По пятницам Катя с подругами ходили на дискотеку. Клуб, конечно, далеко не шикарный, но им и такого хватало. Каждый раз одни и те же мелодии, одни и те же лица, в одних и тех же джинсах «для выхода в свет». Но через много лет, как и на следующий день, в памяти остается бьющая в глаза светомузыка, эйфория, когда двигаешься под любимую мелодию, отзывающуюся дрожью в животе, сверкающие в неоне белые топики и улыбающиеся лица. Первые в жизни дискотеки…
Все 6 столиков были зарезервированы местными завсегдатаями, но по дружбе с некоторыми из них Катьке и подругам достался стол. Света с Машкой свинтили в туалет, оставив Катю сторожить бесценное место. Она сидела за столом, стеснялась. Услышала разговор тех самых завсегдатаев:
 - Это же наш стол!
 - Там наши и сидят.
 - А эта чё там делает?..
После этого Катя не знала, куда деваться. Хотелось тоже убежать в туалет, но нужно было сторожить стол. Блин! почему девчонок так долго нет?! Тут она подняла глаза от поцарапанной столешницы и увидела… увидела и остолбенела. Глаза. Самые красивые глаза в упор смотрели на неё. Она была уже не в силах отвести взгляд, а обладатель самых красивых глаз с улыбкой говорил что-то другу, кивая на Катьку. Она почувствовала, что краснеет, и снова уперлась взглядом в стол. А когда подняла глаза, парня уже не было.
«Ну вот, ушёл, - думала она, водя пальцем по столу, - конечно… А от Машки или Светки не ушёл бы. Ну да… То они, а то я… Какой красивый… ему я, конечно, не нужна… зачем я ему? С ним любая красивая девчонка будет встречаться… эх…»
В этих горестных мыслях Катька находила оправдание тому, что Машка или Светка подошли бы к нему первые, а она не могла. Слишком много гордости. Или мало смелости. Скорее, второе. Разница? Да в том, что, если бы у Кати было слишком много гордости, она бы и не допускала мысли подойти первой. А ей хотелось этого больше всего на свете (не считая того, чтобы он сам подошел). Просто не хватало смелости – а вдруг все засмеются, вдруг, то есть конечно же, она ему не понравится, его друзья будут тыкать в неё пальцами… и прочие ужасы.
Машка и Света плюхнулись на стулья рядом с ней.
 - Ой, мы там такого мальчика видели!..
 - Классный…
 - Кать, а чё с тобой?
 - Ничего. Пошли танцевать!
И они отправились на танцпол. Народ кружился в неоне и сигаретном дыму, в основном, конечно, девчонки, а парни стояли в стороне, общались, периодически поглядывая на танцующих и делая вид, что им это неинтересно. Катя, Машка и Светка влились в толпу, моментально став с ней единым целым. Танцевали, радостно визжали, услышав знакомую песню (а это почти каждая). Сердце стучало в ритме басов.

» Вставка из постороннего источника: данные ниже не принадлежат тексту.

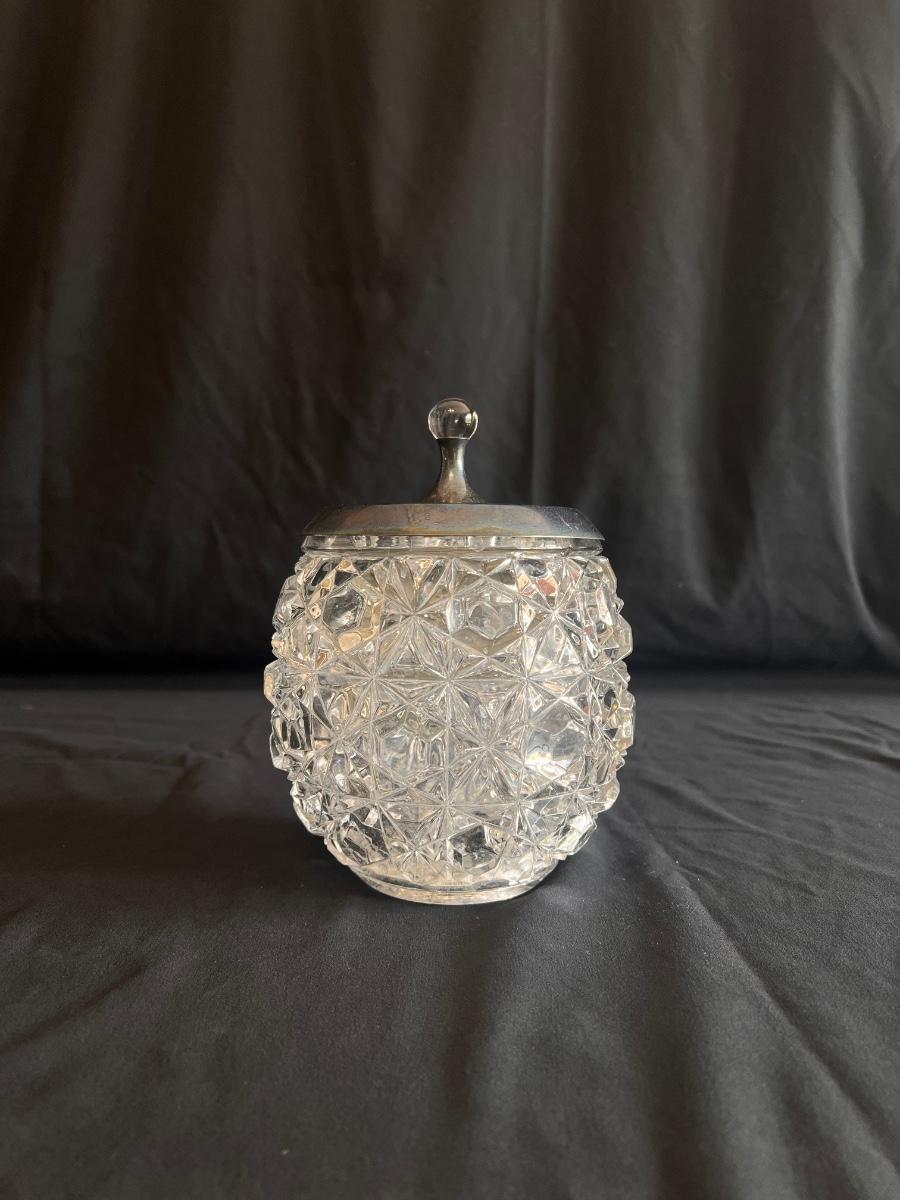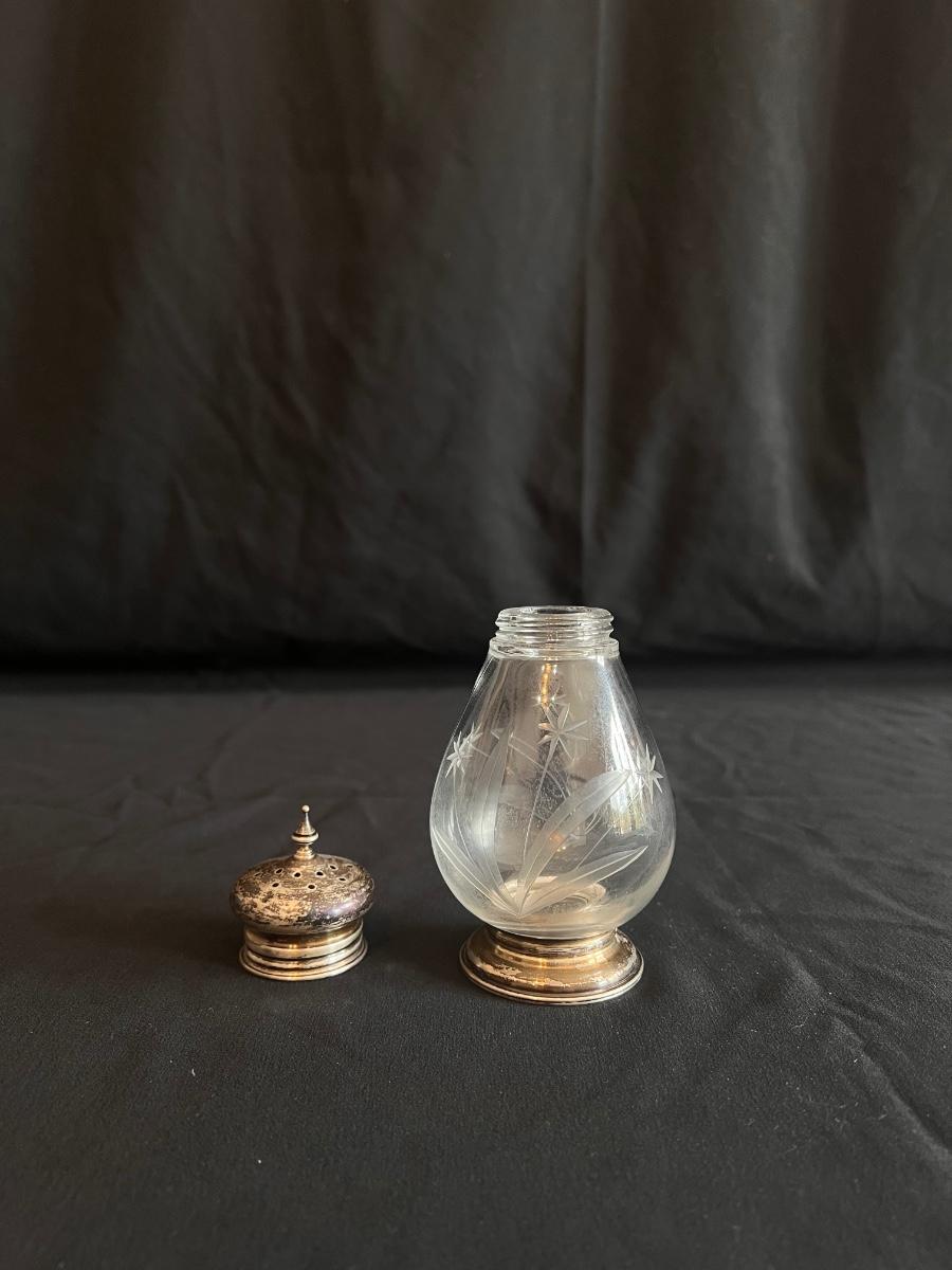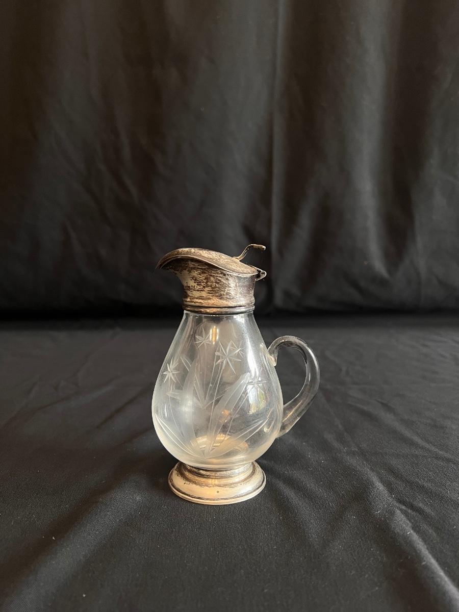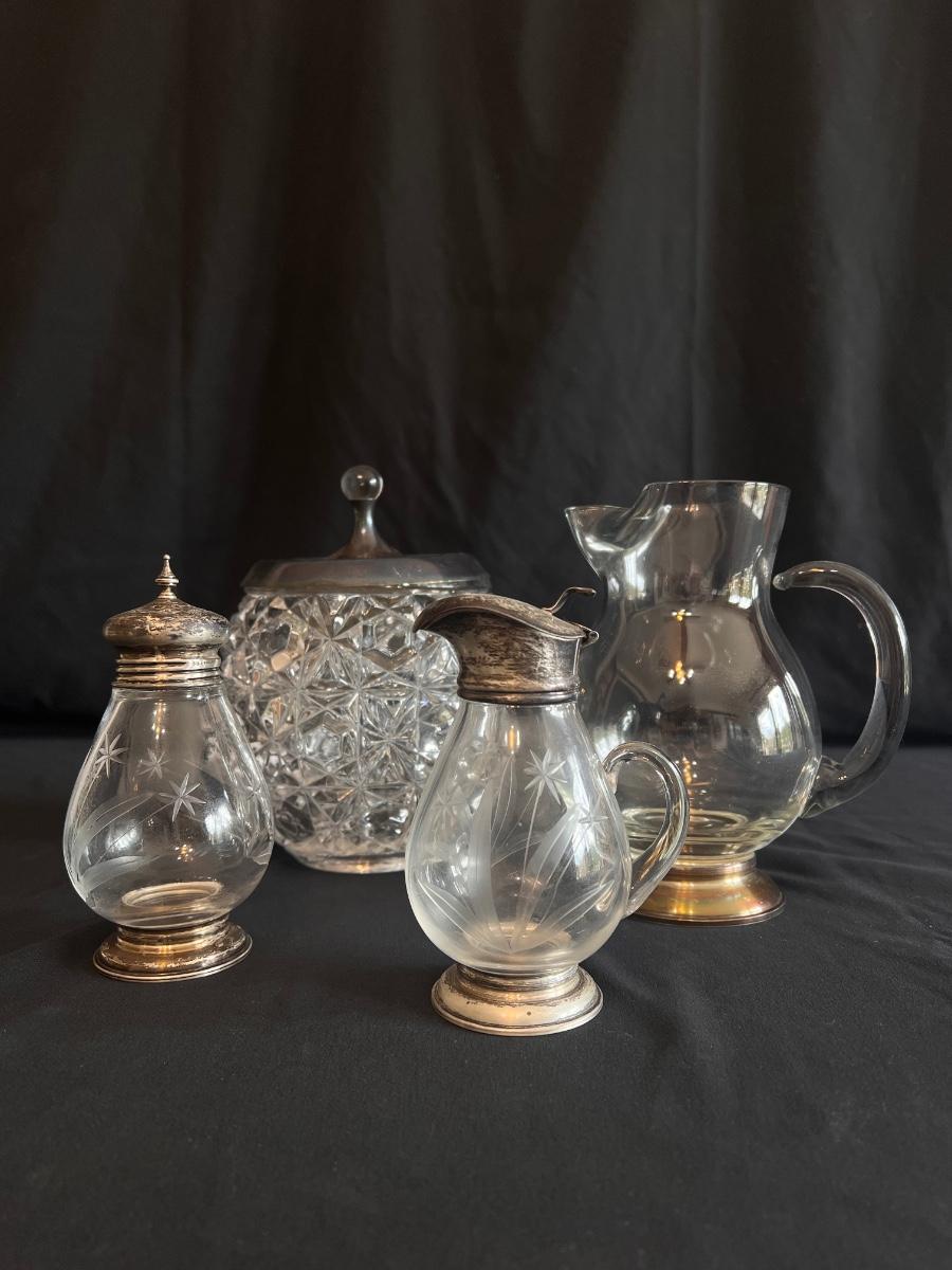 This collection includes a vintage crystal glass dish with a stamped Gorham sterling lid, a glass syrup pourer and sugar shaker/dish with what appears to be sterling accents (see photos), and a glass pitcher. The largest item is the pitcher which measures 5” x 7”H. Shipping available.

Катя танцевала неплохо, но часто оглядывалась на других. Копировала некоторые движения, следила за реакцией. Вдруг над ней смеются?!
Кто-то подошел. Катька пыталась разглядеть незнакомца, но видела лишь вспышки света. А когда поняла, кто это, чуть не упала посреди танцпола. Это же тот парень! Она остолбенела, не могла произнести ни слова, даже рот, кажется, забыла закрыть. Парень улыбнулся и прокричал ей на ухо:
 - КАК ТЕБЯ ЗОВУТ?
 - КАТЯ! – прокричала она в ответ.
 - А МЕНЯ АНДРЕЙ!
 - ОЧЕНЬ ПРИЯТНО! – проорала Катька и сама засмеялась своей неуместной среди грохочущей музыки вежливости. Но ей на самом деле было приятно. Да нет, не приятно. Она была Абсолютно Счастлива. Они с Андреем стояли на танцполе, среди дергающихся людей, но, казалось, они одни в этом клубе, в этом городе, на всей Земле. Катька посмотрела на потолок, висящие на нем какие-то механизмы, лампы, льющие неестественный свет, и ей показалось, что она стремительно взлетает туда, вверх. Но она быстро спустилась на землю – заиграли медленный танец, и Андрей взял её за руку.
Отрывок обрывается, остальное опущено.